Leuthold explained that 98 to 99 percent of it is potable water. The additives are lubricants which are used to make the water “slick” and thick enough that it will suspend the sand particles and propel them into the fissures. The additives are, for the most part, things “in your kitchen, under your sink,” said Leuthold. He also noted that the furthest down an aquifer extends is about 1500 feet, while the fracing is occurring at depths of 5,000 feet.
Getting all those materials, the sand and water, to the well site takes a thousand truckloads – a thousand going and a thousand coming. Hence the reason for all the truck traffic, the demand for drivers, and the impact on roads and infrastructure.
There are 205 rigs in operation in North Dakota, at present, and 17 in Montana.
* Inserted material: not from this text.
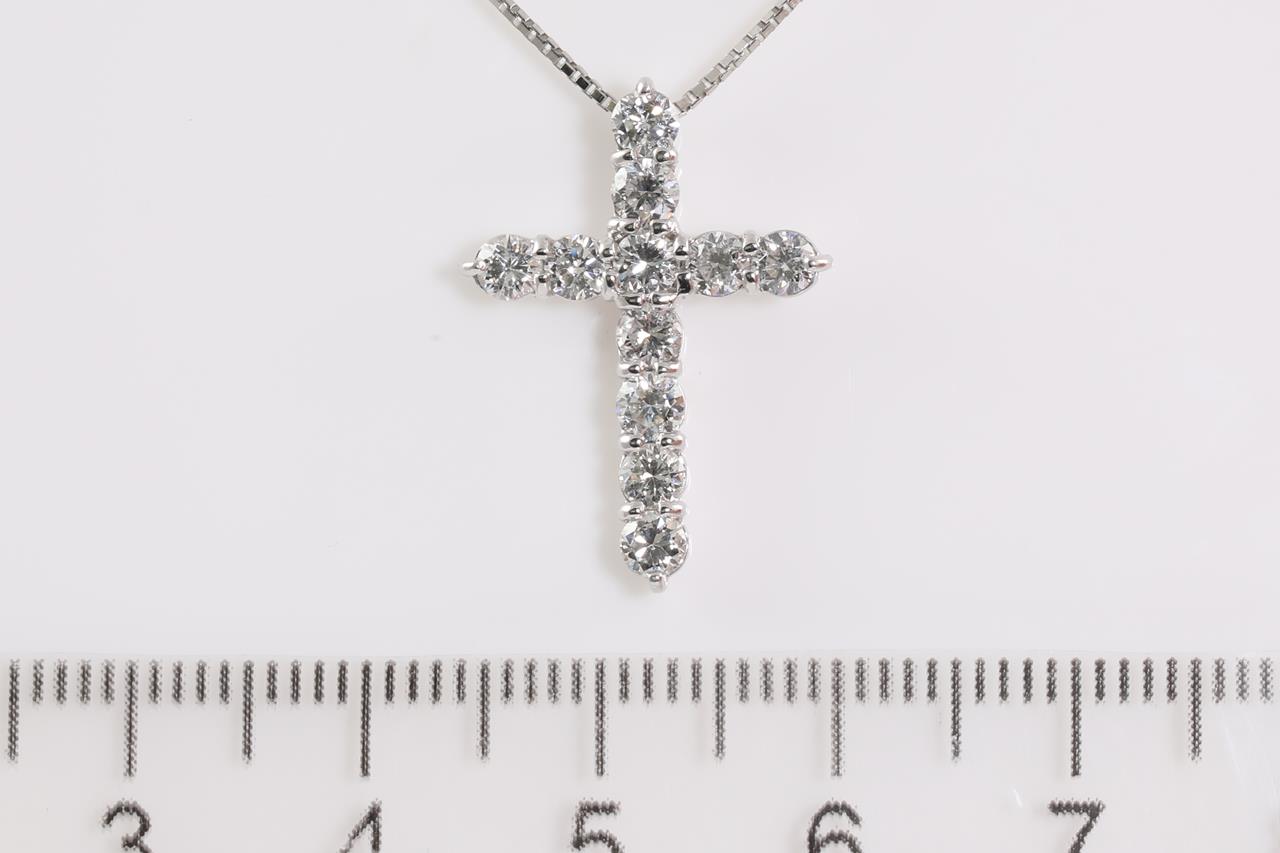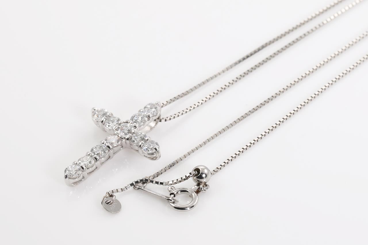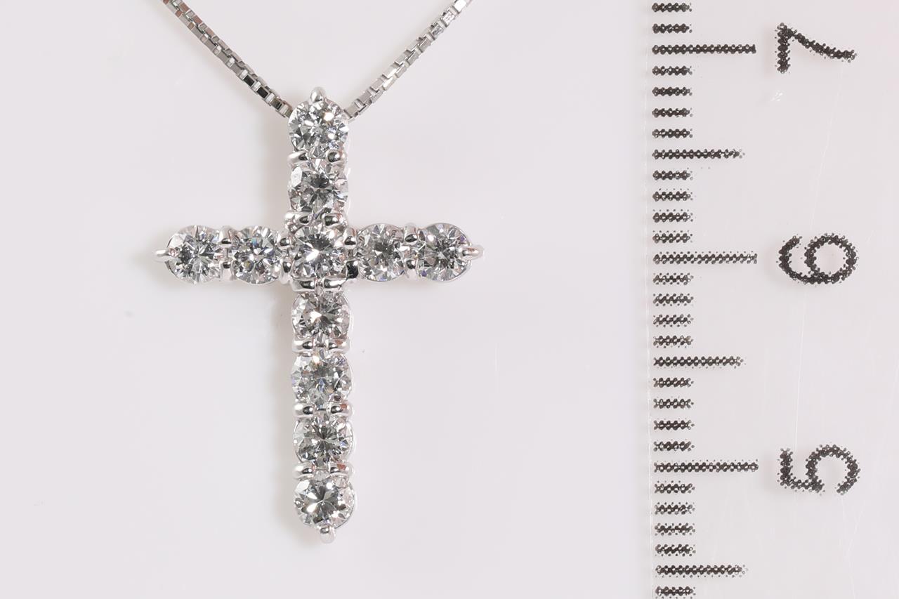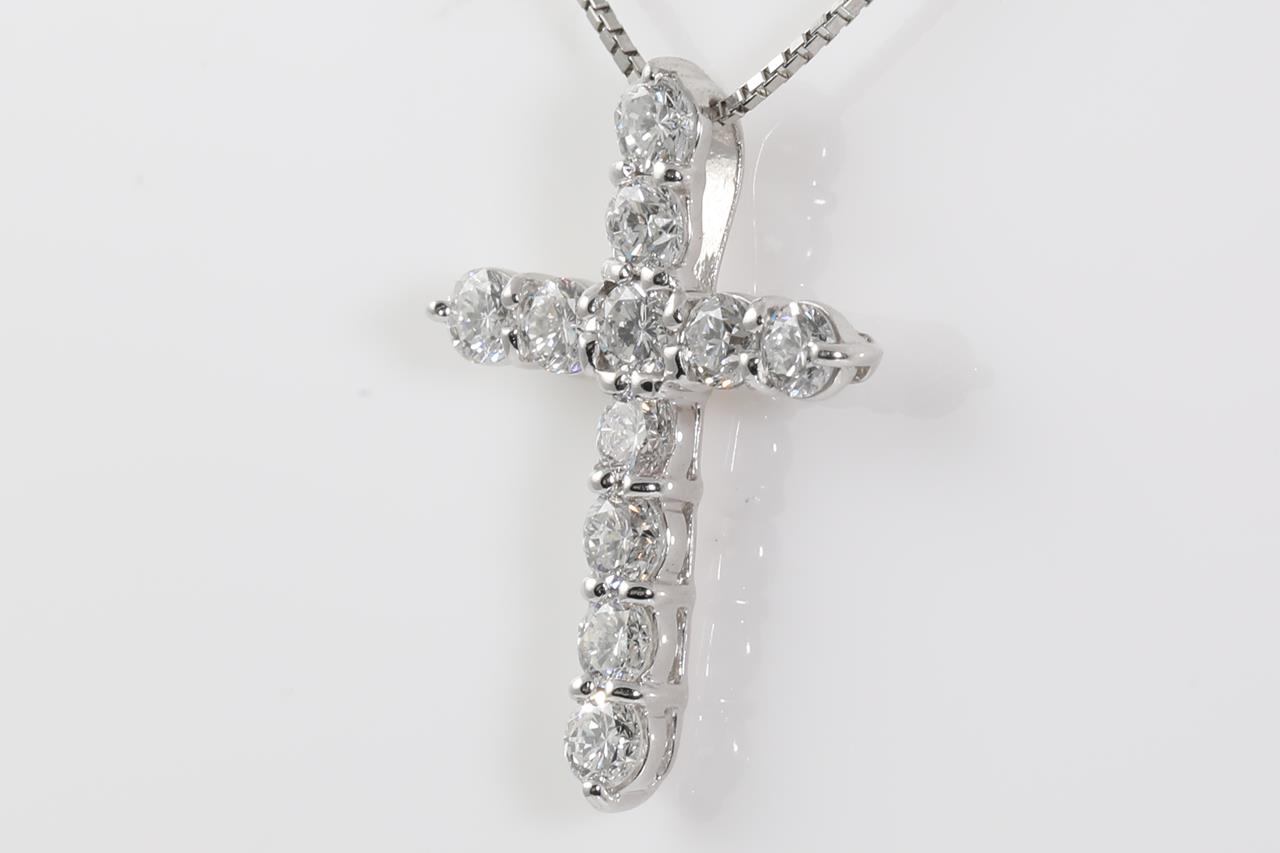 Diamond cross pendant with round Diamonds totalling 1.00cts (Estimated grading: H P1). Platinum with 45cm adjustable chain. Weight: 4.1g (Pre-owned)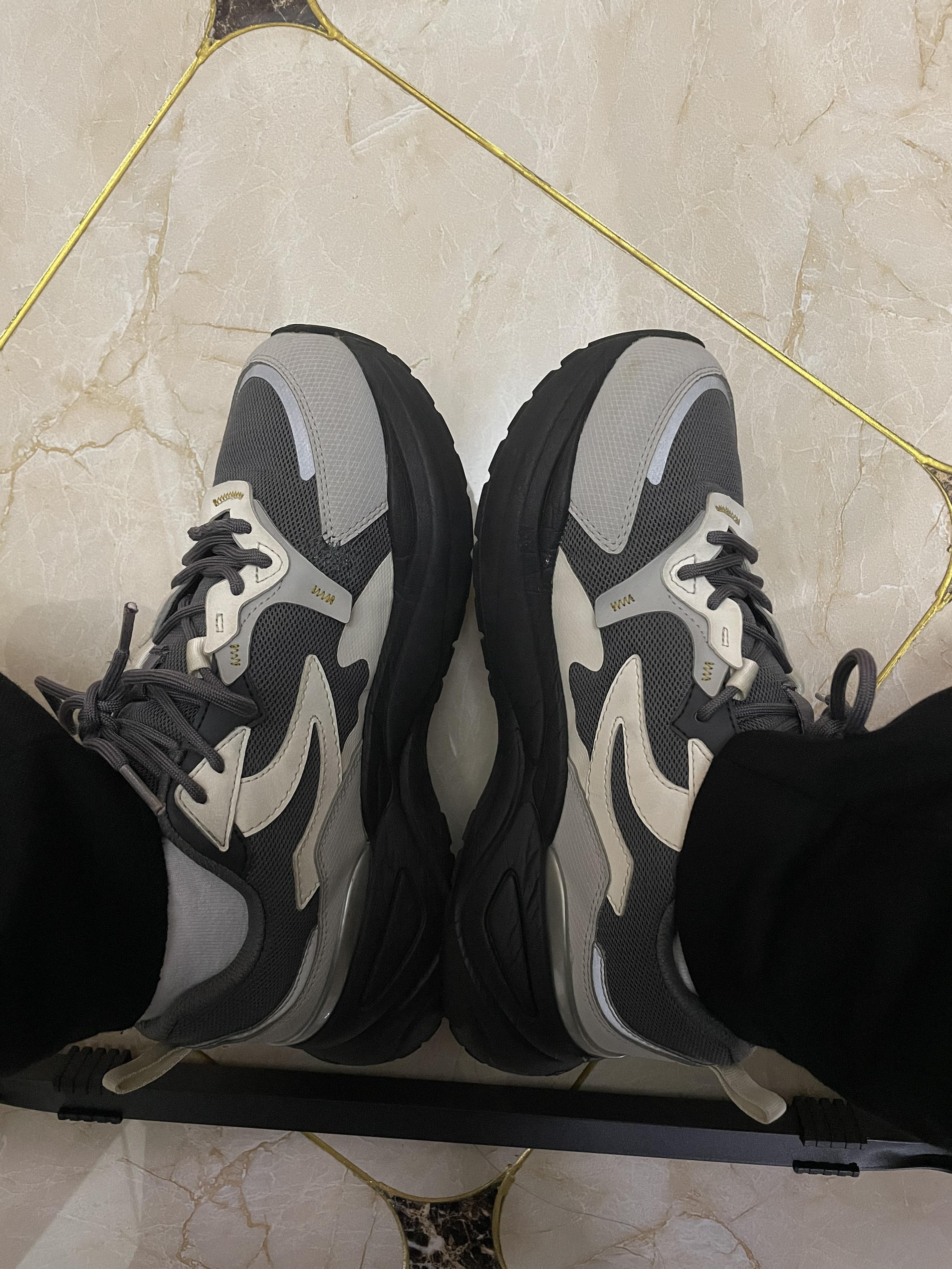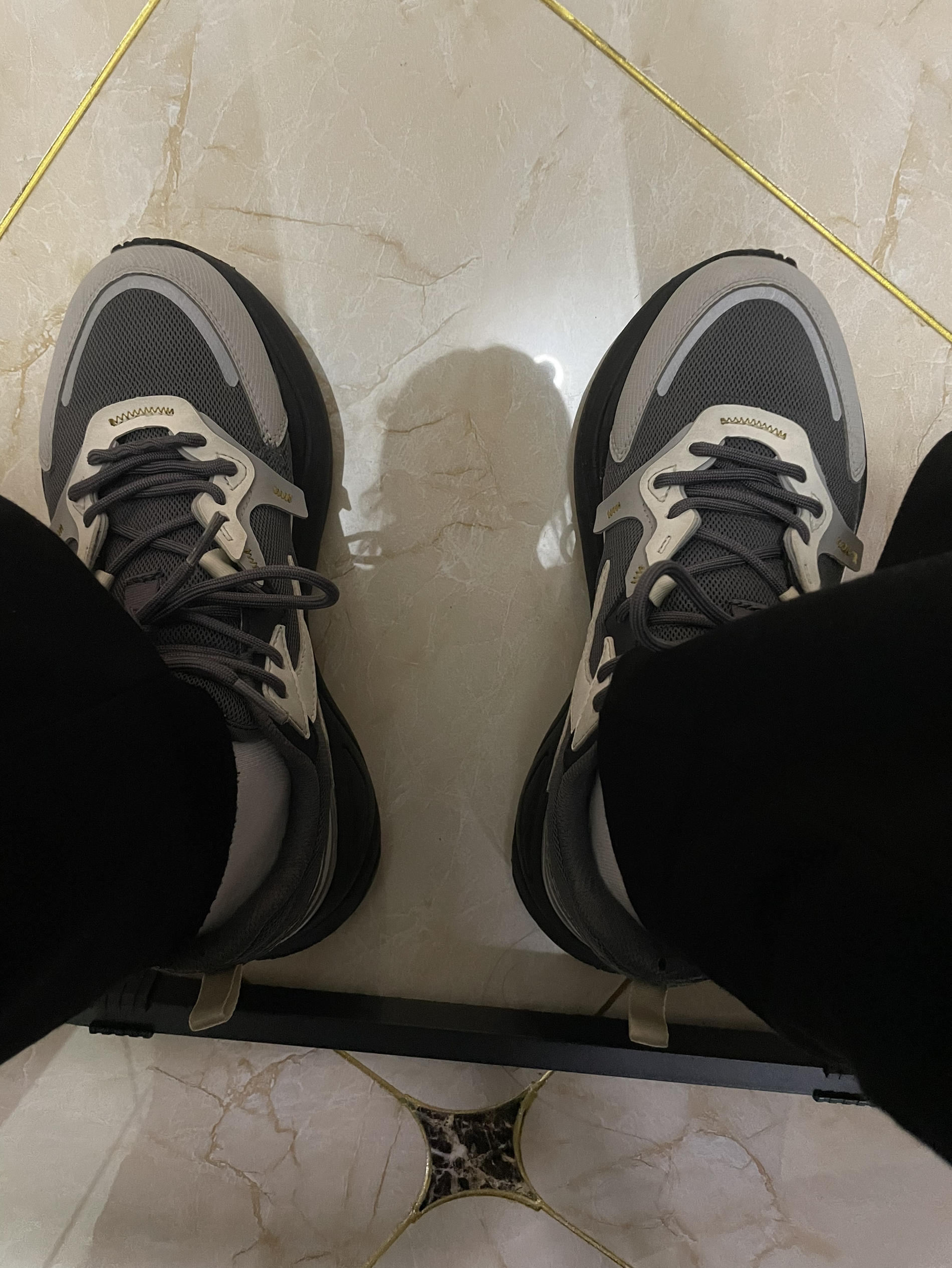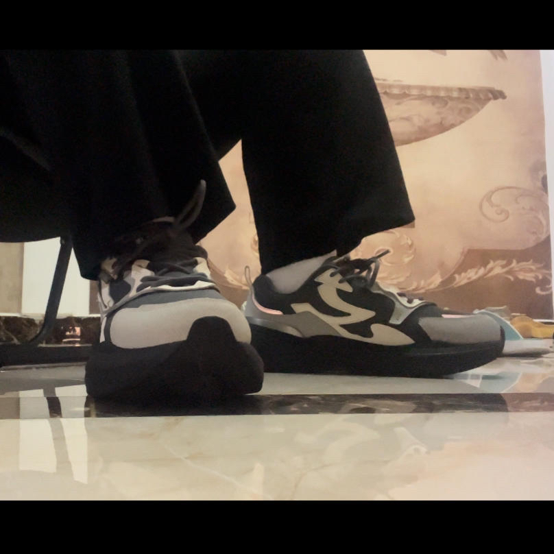 这款稍微厚一点点,适合北方春秋穿,鞋底也很软,鞋跟也很高,很百搭,但是跟硬糖三代比(之前发过)🧐🧐🧐我还是觉得硬糖三代更好看。 但是这个带点灰色也是一个亮点吧,也很百搭!不知道是我的原因还是这个鞋质量的原因,左脚的内侧网烂了一个小洞,让修鞋的缝了一下

In an effort to meet the need for workers in Williston, Leuthold said one sees signs such as that at Taco Bell which offered prospective employees $15 an hour plus a $500 signing bonus. Or another at Applebees, which said they had to temporarily close because their cook took a job as a truck driver.
The biggest problem is finding a place to live. Hundreds of people are indeed living out of their vehicles. One report said a couple hundred people are living in the Walmart parking lot.
The City of Williston is being forced into purchasing an apartment building so that they can hire the employees they need. Garages and basements are being subdivided and rented out at exorbitant rates.
And, the problem of meeting all that demand is a, sort of, “which came first the chicken or the egg” dilemma, said Leuthold.